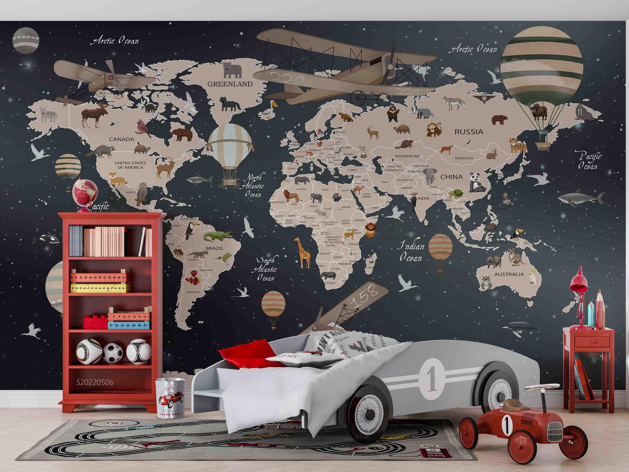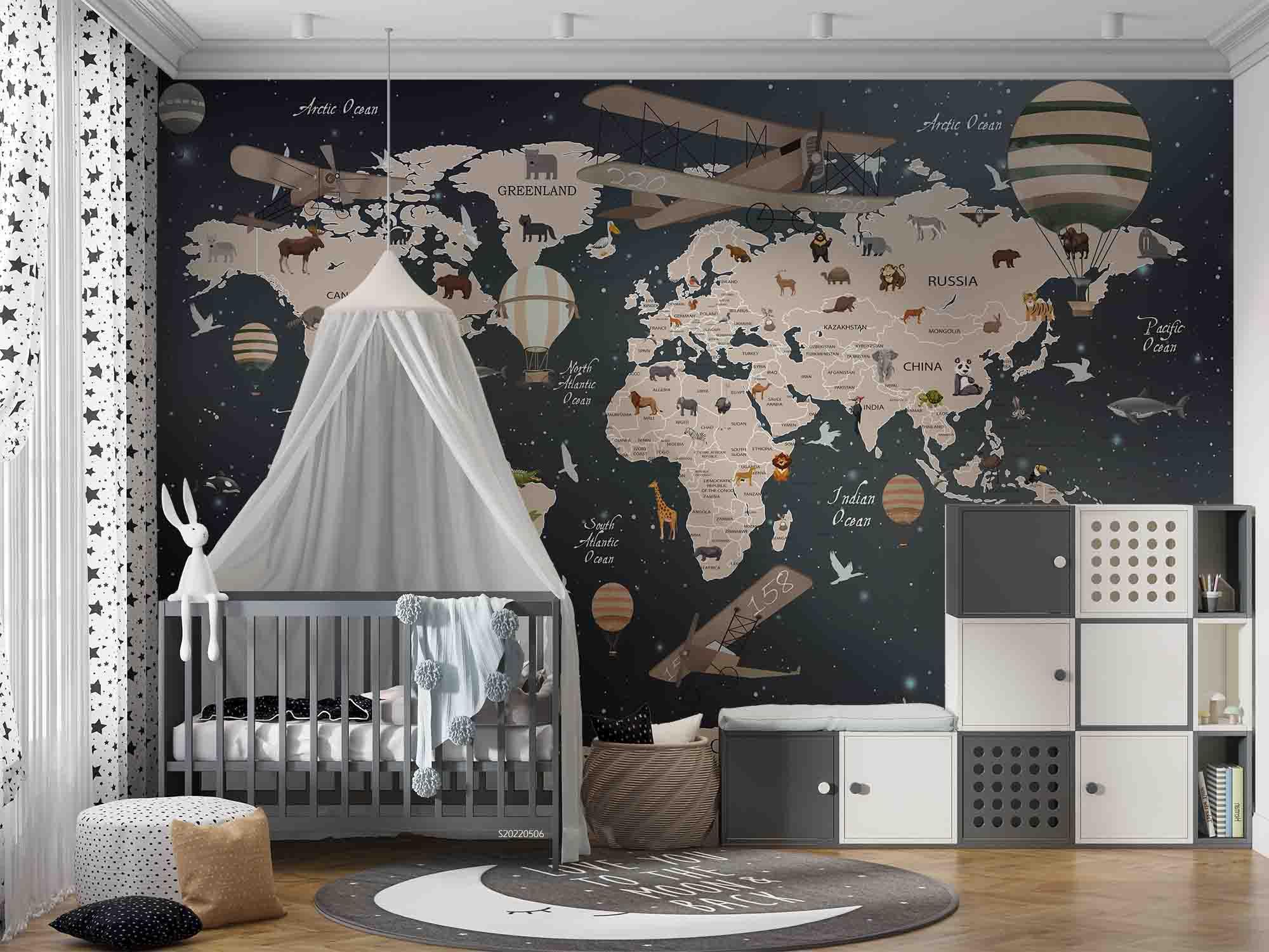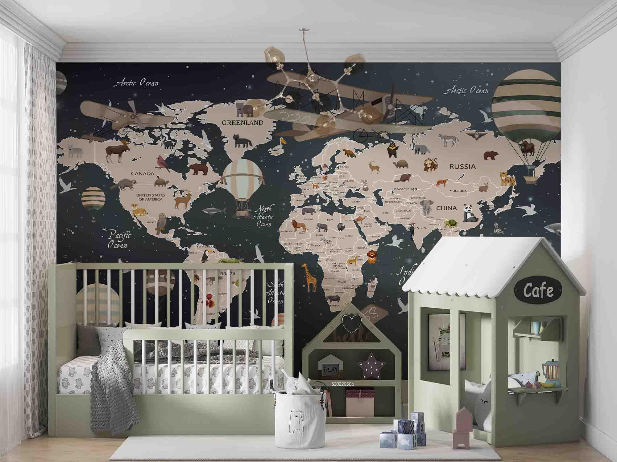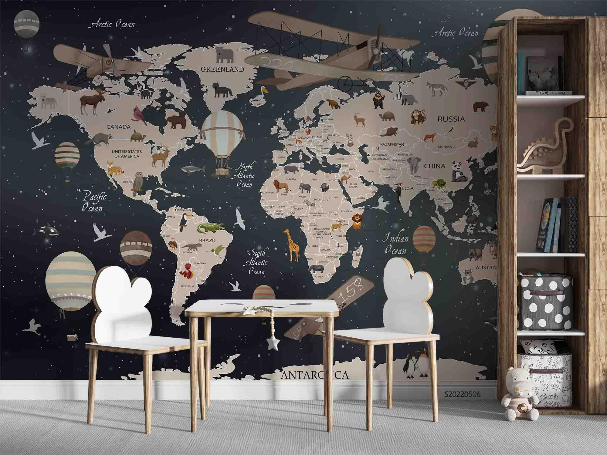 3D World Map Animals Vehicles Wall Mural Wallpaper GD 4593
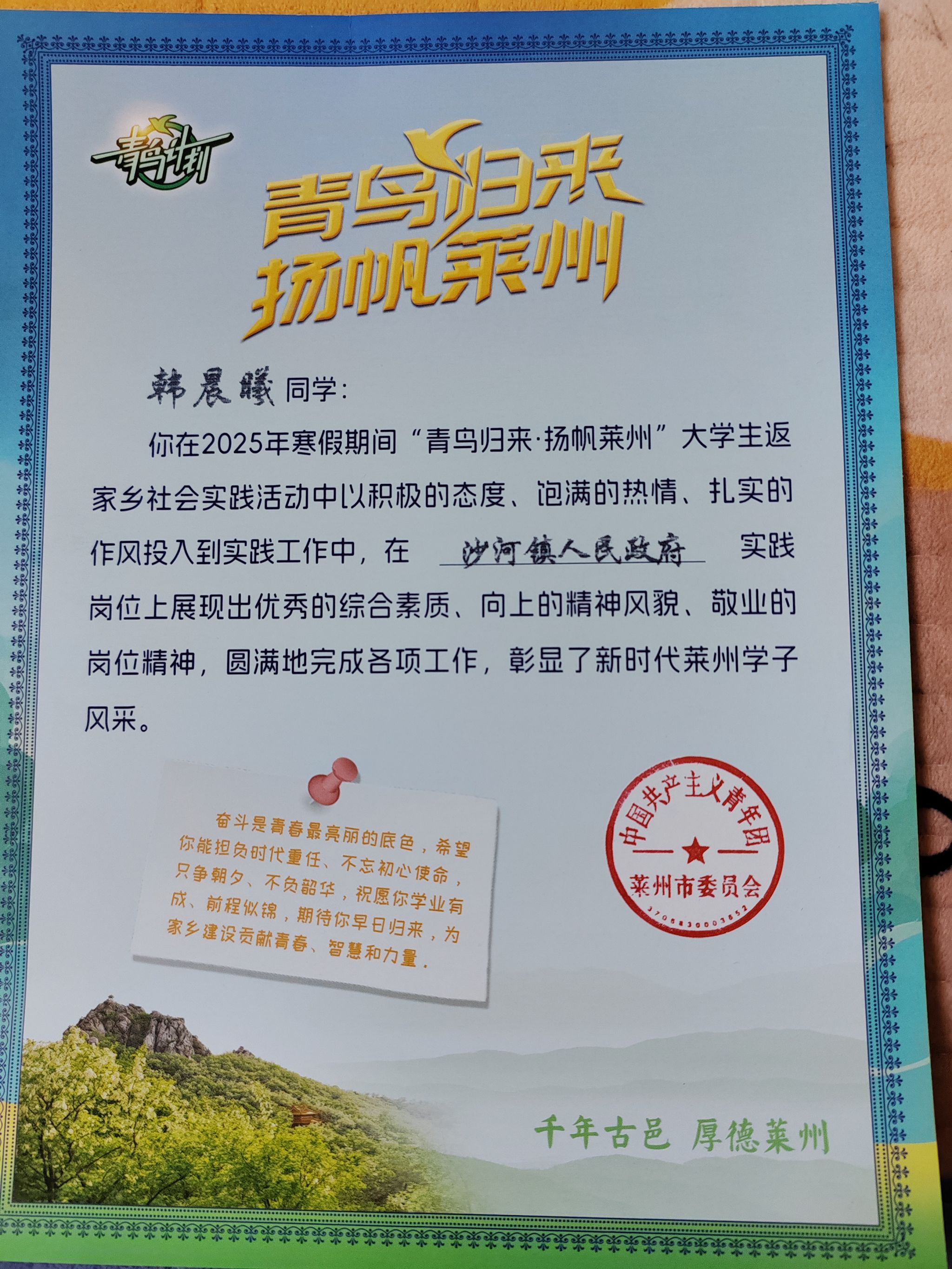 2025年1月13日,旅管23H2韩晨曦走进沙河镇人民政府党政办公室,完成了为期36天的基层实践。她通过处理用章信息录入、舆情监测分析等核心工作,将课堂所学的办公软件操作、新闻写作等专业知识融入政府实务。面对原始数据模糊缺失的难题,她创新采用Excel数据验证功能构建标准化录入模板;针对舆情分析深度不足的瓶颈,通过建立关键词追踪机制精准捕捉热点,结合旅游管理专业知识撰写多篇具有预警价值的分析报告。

==

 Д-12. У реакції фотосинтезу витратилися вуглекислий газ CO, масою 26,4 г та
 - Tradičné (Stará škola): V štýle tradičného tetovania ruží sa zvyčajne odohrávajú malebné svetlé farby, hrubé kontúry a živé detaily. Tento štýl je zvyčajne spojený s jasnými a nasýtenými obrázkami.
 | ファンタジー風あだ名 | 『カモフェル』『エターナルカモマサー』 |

--

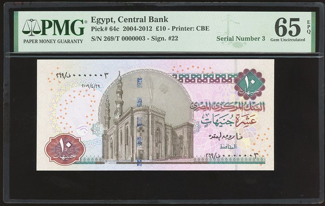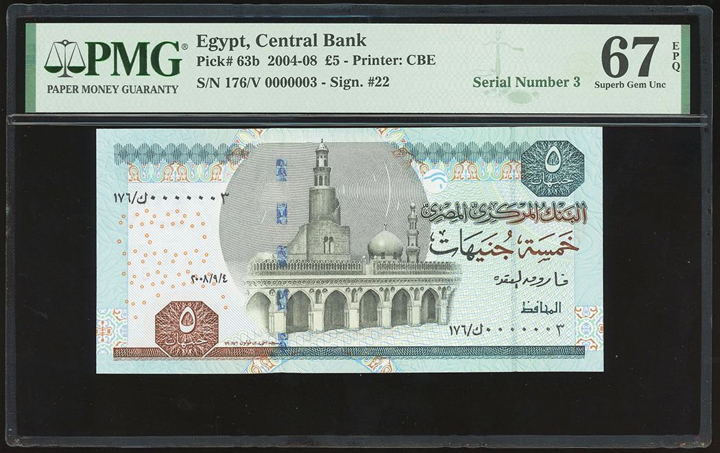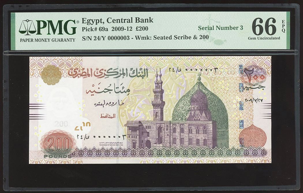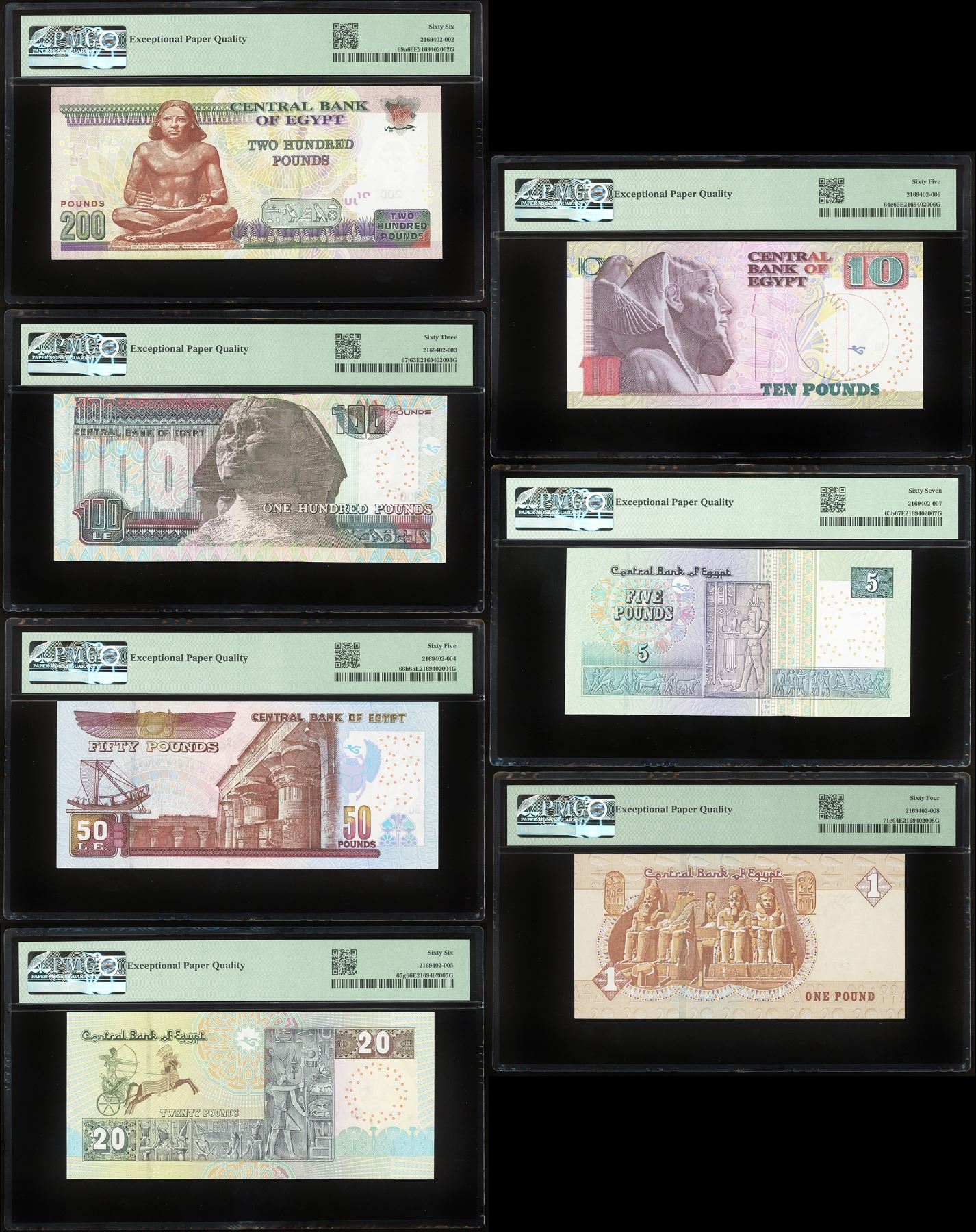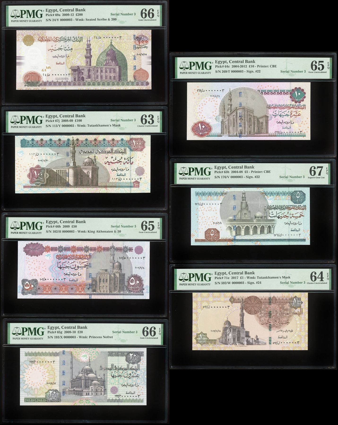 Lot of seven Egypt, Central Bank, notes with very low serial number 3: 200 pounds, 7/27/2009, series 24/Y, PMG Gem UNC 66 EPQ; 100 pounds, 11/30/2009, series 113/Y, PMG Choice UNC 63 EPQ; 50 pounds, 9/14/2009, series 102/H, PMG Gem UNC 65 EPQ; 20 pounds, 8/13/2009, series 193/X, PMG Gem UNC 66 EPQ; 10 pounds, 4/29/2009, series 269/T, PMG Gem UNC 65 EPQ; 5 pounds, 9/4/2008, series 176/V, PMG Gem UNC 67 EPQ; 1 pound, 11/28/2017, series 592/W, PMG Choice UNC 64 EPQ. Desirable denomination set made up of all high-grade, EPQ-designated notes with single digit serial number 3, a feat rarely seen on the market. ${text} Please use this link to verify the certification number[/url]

**Your task:**
Starting with the line above that holds "Д-12. У реакції" and stopping with the line that holds "- Tradičné (Stará", reproduce each line exactly, omitting all other lines.

**Answer:**
 Д-12. У реакції фотосинтезу витратилися вуглекислий газ CO, масою 26,4 г та
 - Tradičné (Stará škola): V štýle tradičného tetovania ruží sa zvyčajne odohrávajú malebné svetlé farby, hrubé kontúry a živé detaily. Tento štýl je zvyčajne spojený s jasnými a nasýtenými obrázkami.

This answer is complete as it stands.